Hello everyone!
I’m new here in the community and also relatively new to using Home Assistant. If I make any mistakes in the explanation, I apologize in advance.
I’d like to share a project I’ve been developing over the last few months. I call it “Monstrão” — not because of its size, but because of the “brain” it has (and the robust look it ended up getting).
The Problem
Most smart intercoms only send a notification to your phone or make a call.
If you’re in a meeting, sleeping, or driving, the delivery driver leaves and you miss your package.
Also, I didn’t want a system that would confirm to strangers whether I’m home or not.
The Solution
I built a custom intercom using an ESP32-S3, integrated with Google Gemini and Home Assistant.
It doesn’t just ring an internal bell.
It talks to the person at the gate and makes decisions.
Hardware and “Root-Level” Engineering
Enclosure and Protection
To house everything, I used an IP65-rated enclosure to ensure weather resistance.

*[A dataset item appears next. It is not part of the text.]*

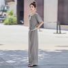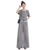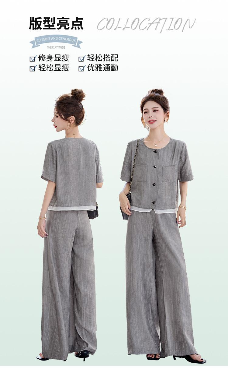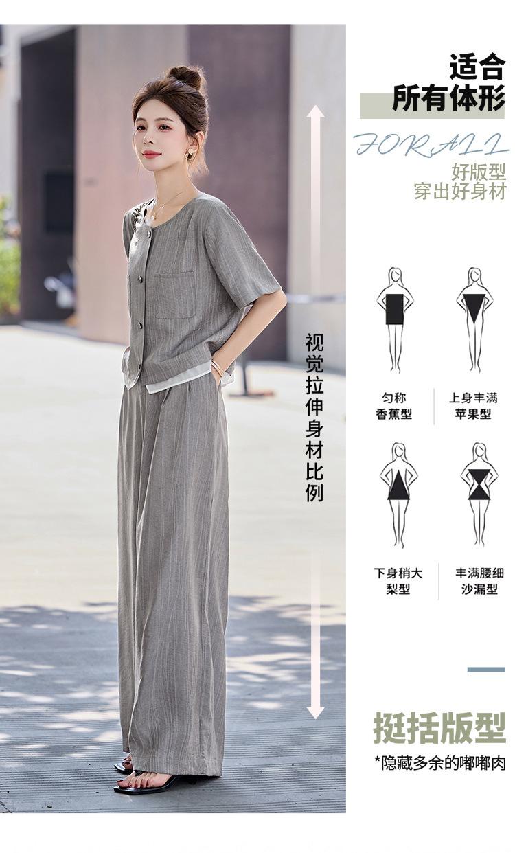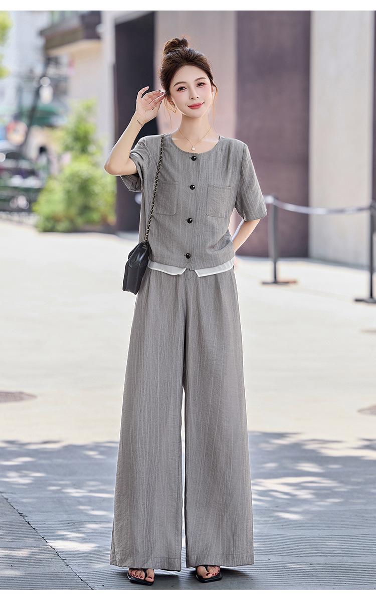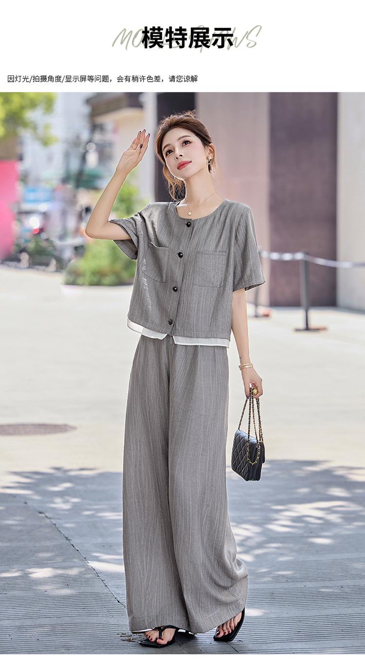 2025 Nuevo Conjunto de Moda de Verano de Dos Piezas para Mujer de Manga Corta Reductor de Edad Casual Elegante Pantalón de Pierna Ancha Trendy
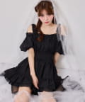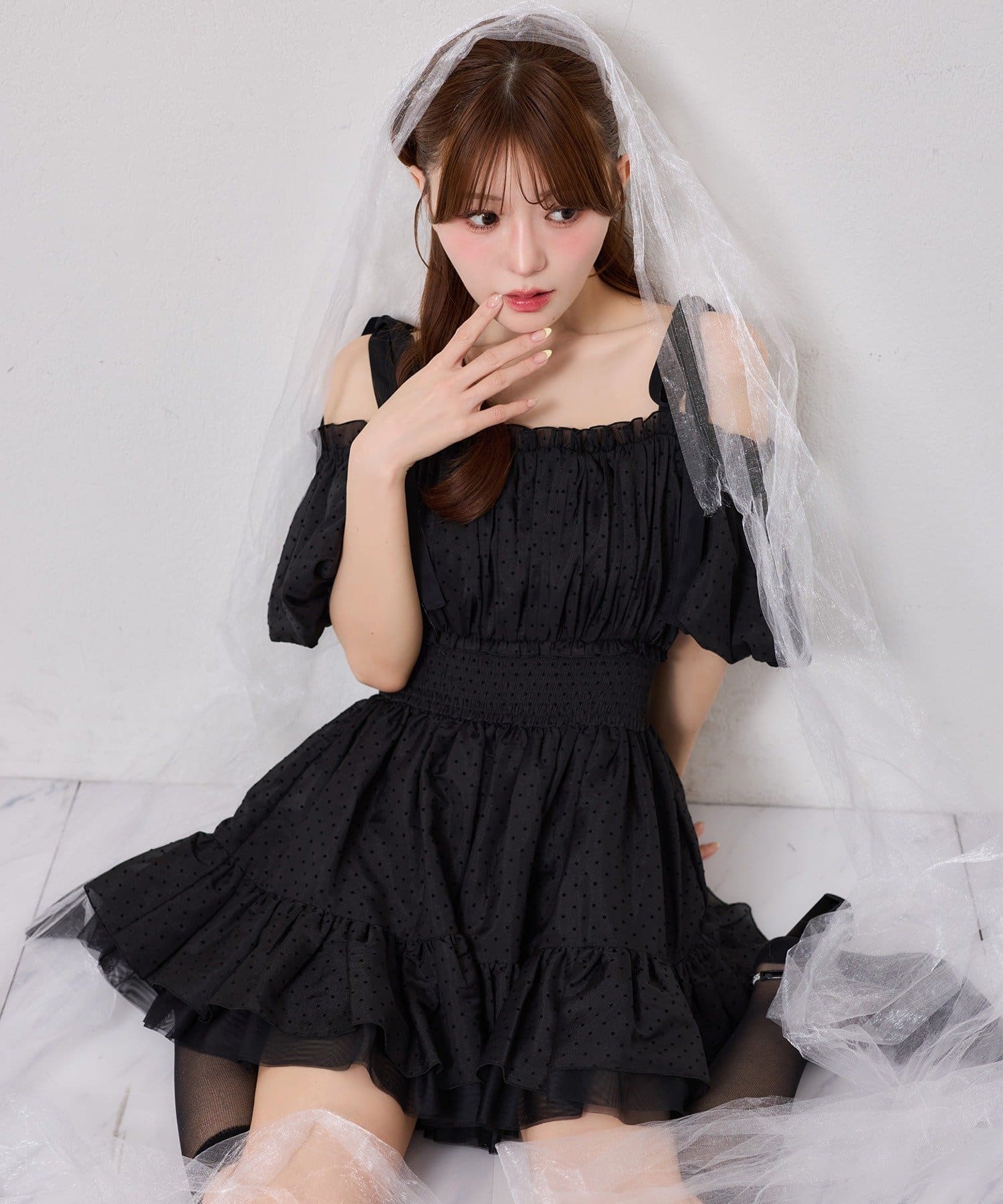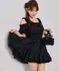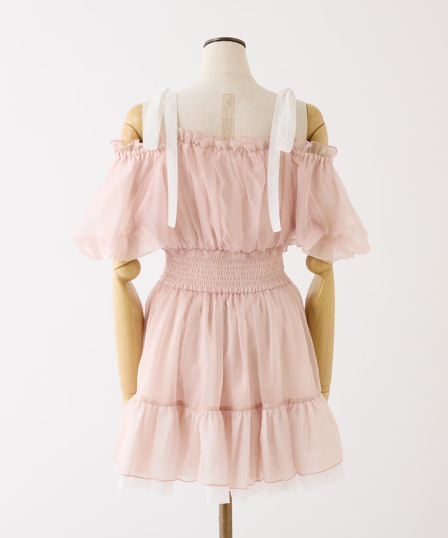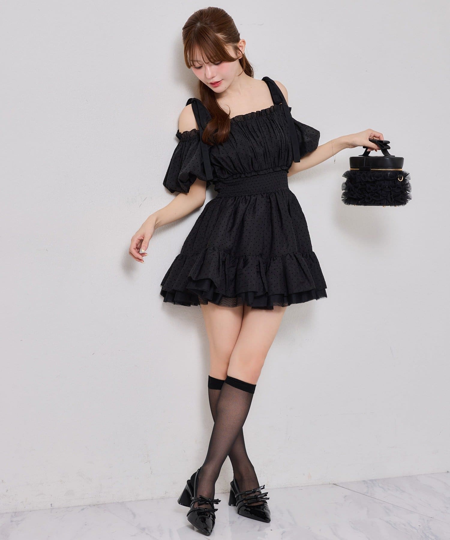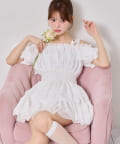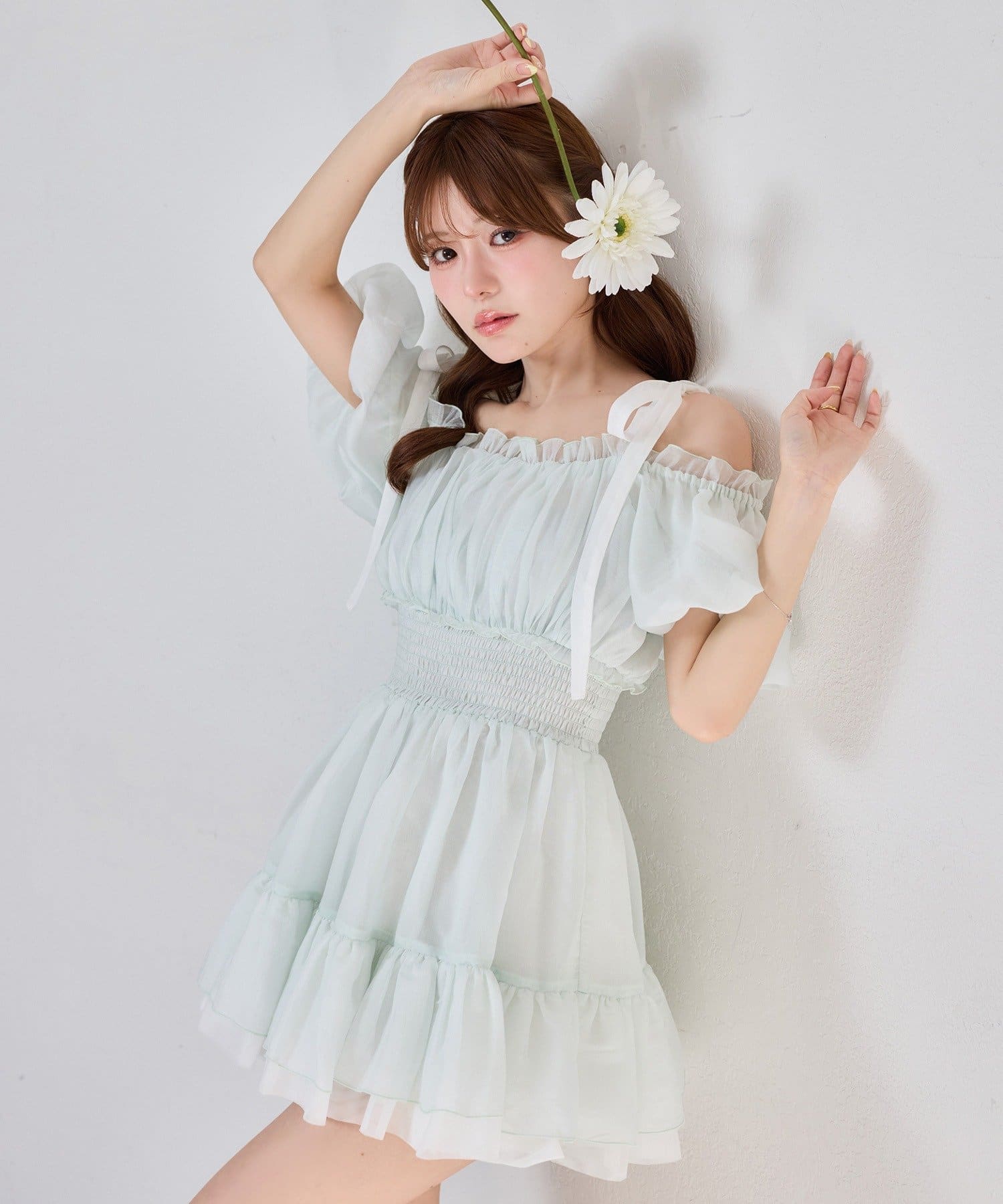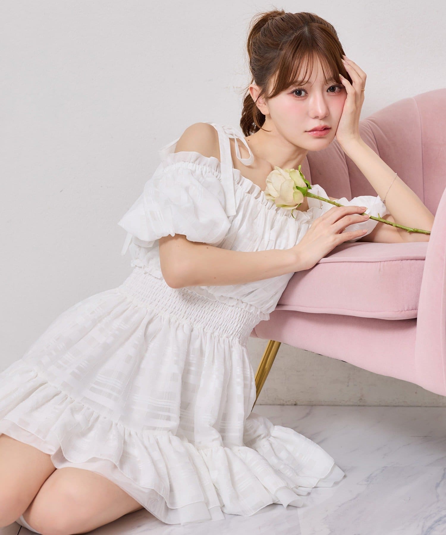 袖はふわっと広がったキャンディースリーブで華奢に見せてくれます。

It may not be the most elegant design in the world, but it’s extremely functional and secure.
The Secret Behind the Sound
Since the intercom sits directly on the street, I needed the AI audio to be loud and clear.
So I did a “transplant”.
I used the full acoustic chamber from a cheap TWS Bluetooth speaker.
I removed the battery and original electronics, keeping only the 3W / 4Ω speaker inside its original acoustic chamber.
This provided sound pressure that would be impossible with a loose speaker inside the box.
I2S Audio
The signal goes through a PCM5102A DAC and a PAM8406 amplifier, eliminating Wi-Fi interference noise.
Intelligence Highlights
Autonomous Delivery Logic
If a delivery driver arrives and the house is empty, the AI identifies who the package is for, checks groups.yaml, and negotiates:
“The resident is not home, but can you leave it at house 416 C?”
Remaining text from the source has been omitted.